BackRelationships Between Categorical Variables: Contingency Tables
Study Guide - Smart Notes
Tailored notes based on your materials, expanded with key definitions, examples, and context.
Relationships Between Categorical Variables: Contingency Tables
Introduction
This section explores how to analyze relationships between two categorical variables using contingency tables. It covers both intuitive and formal approaches, including the use of marginal and conditional distributions, and introduces key concepts such as Simpson's Paradox.
Overview of Data Types and Analysis Tools
Categorical vs. Categorical: Analyzed using contingency tables and Chi-Square tests.
Numerical vs. Numerical: Explored with scatterplots, correlation, and regression.

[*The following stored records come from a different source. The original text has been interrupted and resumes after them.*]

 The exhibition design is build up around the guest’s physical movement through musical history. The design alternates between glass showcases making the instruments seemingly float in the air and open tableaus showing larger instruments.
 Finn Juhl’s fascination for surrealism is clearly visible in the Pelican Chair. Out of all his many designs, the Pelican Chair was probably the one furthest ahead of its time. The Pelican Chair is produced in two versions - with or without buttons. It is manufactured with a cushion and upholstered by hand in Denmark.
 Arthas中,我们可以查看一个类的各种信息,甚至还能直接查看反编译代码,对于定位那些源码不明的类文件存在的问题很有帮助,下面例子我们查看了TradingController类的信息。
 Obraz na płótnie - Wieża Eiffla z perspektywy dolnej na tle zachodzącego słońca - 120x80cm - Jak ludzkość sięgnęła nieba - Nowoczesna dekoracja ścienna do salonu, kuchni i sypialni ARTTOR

Categorical vs. Numerical: Analyzed using boxplots, histograms, t-tests, and ANOVA.
Reference Table:
Intuitive Explorations | Formal Analysis | |
|---|---|---|
Categorical vs Categorical | Contingency Tables | Chi-Square |
Numerical vs Numerical | Scatterplots & Correlation | Regression |
Categorical vs Numerical | Boxplots and Histograms | T-tests / ANOVA |
Contingency Tables
Definition and Purpose
Contingency Table: A table that displays the frequency distribution of variables to study the relationship between two categorical variables.
Each cell in the table shows the count (or frequency) of observations for a specific combination of categories.

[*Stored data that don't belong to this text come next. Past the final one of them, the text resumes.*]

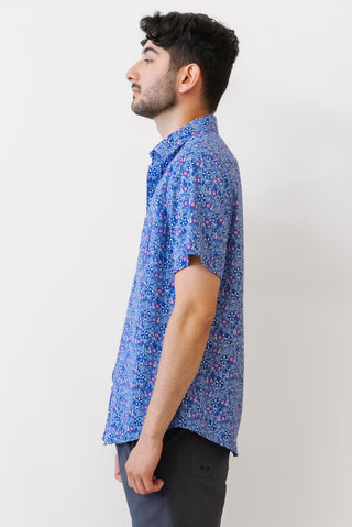 Untuckit Preformace Short Sleeve Shirt in Hicks Blue Floral Print
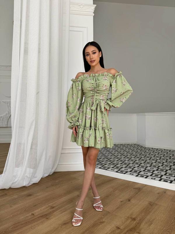 Короткое платье с длинными пышными рукавами и свободной юбкой
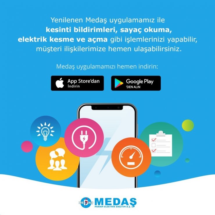 Tüketicilere kolaylık sağlamak için başlatılan Medaş 186 mobil uygulaması ile kullanıcılar çağrı merkezini aramadan, "Müşteri İlişkileri" bölümünden tüm istek, öneri ve ihbar bildirimlerini anlık olarak iletebiliyor. iOS ve Android işletim sistemine sahip cep telefonlarında kullanılabilen uygulama sayesinde kullanıcılar, planlı kesintiler, anlık kesintiler, açma-kesme sayaç işlemleri ve kaçak ihbarı ile ilgili bilgilere rahatlıkla ulaşabiliyor ve aynı zamanda konum bildirimi sağlayarak çok kolay bir şekilde arıza kaydı oluşturabiliyor. Kullanıcılar sistemde kayıtlı adresleri, o an bulundukları bölge veya farklı bir adres için elektrik kesintisi, aydınlatma, arıza kaydı konusunda kayıt oluşturabiliyor. Mobil cihazlardan oluşturulan kayıtlar, anında MEDAŞ saha ekiplerine iletilerek, taleplerin hızlı bir şekilde giderilmesi sağlanıyor.
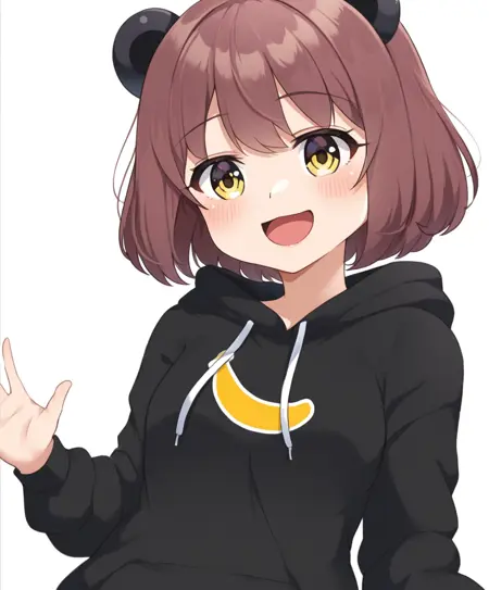 プロンプト:1girl, solo, pio, sun bear, animal ears, black bear ears, yellow eyes, brown hair, hair between eyes, bangs,
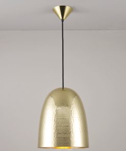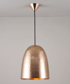 Each of the spun shades begin life as sheet metal disc and are formed through a process called spinning. The sheets are first clamped to a formed block (reflecting the shape we want to produce) which are rotated together at high speeds. A localized pressure is supplied by hand to this spinning workpiece, causing the disc to adopt the shape of the block. The formed shade is then finished by polishing, weathering or powder coating.Stanley Pendants are hand-spun at Original BTC’s Birmingham metalworks. Materials include brass, copper or nickel plated. Available in three different sizes and in a hammered or smooth, reflective finish. Group them together for a dramatic effect or mix metals for a laid-back, eclectic look.

Marginal and Conditional Distributions
Marginal Distribution: The distribution of values for one variable, ignoring the other variable. Found in the margins (totals) of the table.
Conditional Distribution: The distribution of one variable for a given category of the other variable.

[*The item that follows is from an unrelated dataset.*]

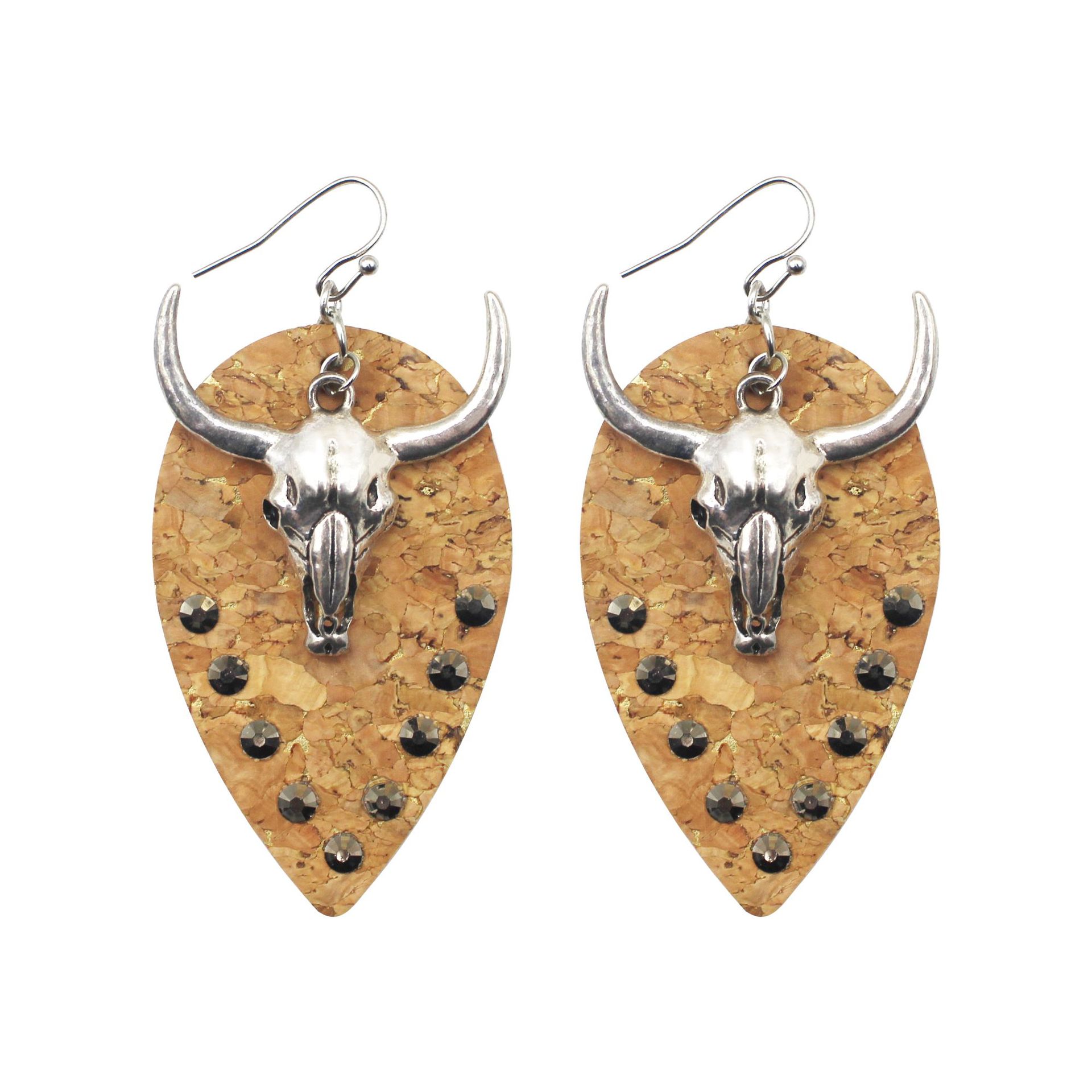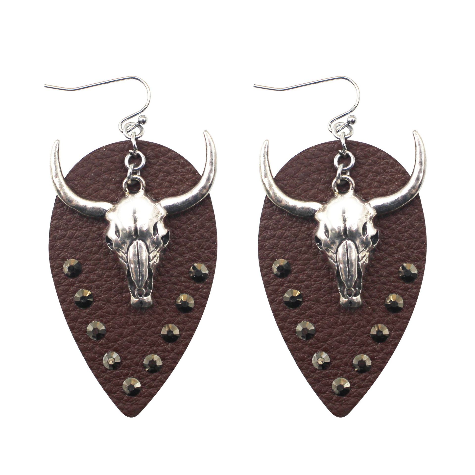 西部牛仔牛头皮革耳环点钻水钻欧美复古PU民族风耳环跨境异域风情

Example: Gender and Pet Ownership
Consider a dataset from OKCupid about pet ownership by gender. The contingency table below summarizes the counts:
Gender | Has cats | Has dogs | Has both | Total |
|---|---|---|---|---|
Female | 3452 | 5800 | 408 | 9660 |
Male | 2413 | 5080 | 266 | 7759 |
Total | 5865 | 10880 | 674 | 17259 |
Table Percents
To compare proportions, convert counts to percentages by dividing each cell by the total number of observations.
Gender | Has cats | Has dogs | Has both | Total |
|---|---|---|---|---|
Female | 20.0% | 33.6% | 2.4% | 56.0% |
Male | 14.0% | 29.4% | 1.5% | 44.0% |
Total | 34.0% | 63.0% | 3.9% | 100.0% |
Row and Column Percents
Row Percents: Each cell is divided by the row total, showing the distribution within each row category.
Column Percents: Each cell is divided by the column total, showing the distribution within each column category.
These percentages help answer questions like "What percent of male cat/dog owners own only cats?"
Visualizing Categorical Data
Bar Charts: Useful for comparing categorical breakdowns.
Pie Charts: Show proportions but can be harder to compare across categories.
Side-by-side bar charts are often preferred for comparing groups.
Simpson's Paradox
Definition and Example
Simpson's Paradox: A phenomenon where a trend appears in several groups of data but reverses or disappears when the groups are combined.
This occurs due to the influence of a lurking variable or confounding factor.
Example: Comparing on-time flight rates for two people, Jill and Moe, at different times of day. When data is combined, the apparent trend may reverse due to the distribution of flights across time periods.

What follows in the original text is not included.